James Urquhart is a product manager for Dell in the Cloud Manager division. He’s been named one of 10 most influential people in cloud computing by MIT Technology Review, and also recognized as one of the top three cloud bloggers by The Next Web. Follow him on Twitter at @jamesurquhart.
Loggly: Tell us a little about Dell Cloud Manager.
James Urquhart:Companies are realizing that they have a multi-cloud problem, so this product is an orchestration environment to manage infrastructure as a service workloads across multiple clouds such as AWS, GCE, Joyent, Azure, Scale Matrix, Cloud Stack, Open Stack and VMWare. The product helps with governance, access control, integration with management tools and automation tools, using an integrated console so you can see across all those clouds.
Loggly: What are the goals for continuous deployment and rapid release in cloud environments?
Urquhart: So much in business today is reacting to disruptive threats – taking advantage of opportunities and defending against threats. And the time period to do this is usually very short. So the industry needed to build software that could support these rapidly changing human processes. For instance, the marketing team needs to release a new promotion or new ways to engage with customers, and they want to do this every few weeks or months not once a year. Take a company like Caterpillar. Its machines don’t change very often, but it also builds service apps for its equipment – and these services that change a lot. Web businesses are constantly looking for new partnerships, and they’re always learning from customers and introducing new features to avoid being disrupted by competitors. All this means that companies are moving toward applications that have frequent iterations so that they can rapidly change and be ready for the unknown.
Loggly: What are some of the challenges in managing a rapid release environment?
Urquhart: Everyone needs to understand the flow of development at any given moment. If you don’t have strong collaboration in the deploy process it can stall progress or you run the risk of making a decision that is counter to assumptions made earlier in the process, while you’re waiting for somebody’s response. And then you might break the system. Another big risk is if you are not prepared to deal with failure. If a server crashes or a bug shows up that didn’t get caught in testing, you’ve got to respond quickly. Companies do this either through rollback or by applying a rapid fix. So the ability to handle an imperfect situation is very important. The third major risk is releasing the right thing in the first place so that you are moving forward and not sideways. If you make a change that nobody wants, people aren’t going to use the software or service as often.
Loggly: What are some other ways to manage risk in release cycles?

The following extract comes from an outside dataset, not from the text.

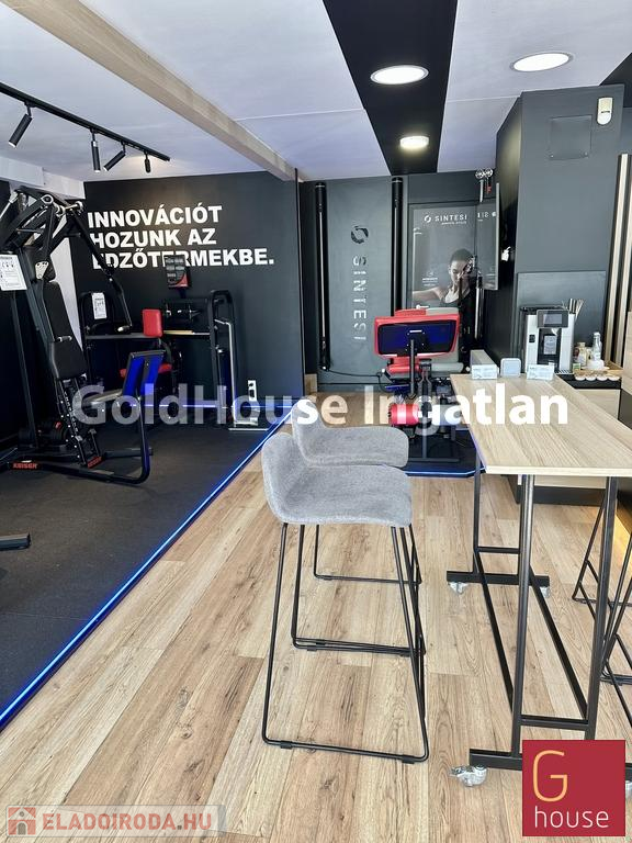 Az alsó szinten egy tágas, közel 50 m²-es, világos üzlettér található, amelyhez közvetlenül kapcsolódik egy elegáns kialakítású mellékhelyiség.

Urquhart: Don’t release a big pile of code all at once. If you release one small update, you can fix it if there is a problem or start making adjustments early on by incorporating customer feedback. That helps you ensure you’re in fact building the right app that people want and will use. Some companies like Etsy release two different versions at once across two user groups to see which one is more popular. Properly automating and managing the QA process is also critical. If you can run through the testing cycle enough times to catch anything glaring before the code is released, your team will avoid a lot of problems later on. I advise spending as much time on QA as you do on the build and release processes.
Loggly: What role can log monitoring and analysis (or benchmarking with log analysis) play in mitigating these risks?
Urquhart: Logs are absolutely critical to both measuring the “success” (e.g. performance, availability, usage, etc.) of a service, and to troubleshooting issues when they arise. When it comes to coordinating activity across a distributed system, many techniques have been tried, but the fallback is log aggregation, analysis and monitoring. So, I consider log monitoring, analysis and benchmarking via log analysis a critical tool in the tool chest. It’s not the only tool, by any means, but it is one of the first elements that should be integrated into a continuous integration and deployment environment.
Loggly: How can you work on better collaboration in DevOps?
Urquhart: It involves a lot of tactics. First, developers need to be working with the Ops teams to increase automation, and operations teams need developers to engage in the process. There needs to be a lot of exchange between these individuals around what part of the application deployment process should be automated, how it should be automated, how the code should flow through the deploy and build process, and so on. Companies often patch together various tools to get all of these pieces of automation done but primarily, I see the use of GitHub and Jenkins. Chef, Puppet, Ansible and their ilk are also key components.
Loggly: Can log data play a role in fostering this collaboration?
Urquhart: Log data is one of the key ways that software collaborates with the humans who build and run it. Well-designed logs are powerful records of the history of a software system, and yet they are generally built using easy to share technologies. Typically at least somewhat human readable, log data translates events into a form that can be interpreted by people. But the raw data isn’t good enough. The right analysis tool allows humans to further parse that data, share information with other humans, and visualize what the software is trying to say.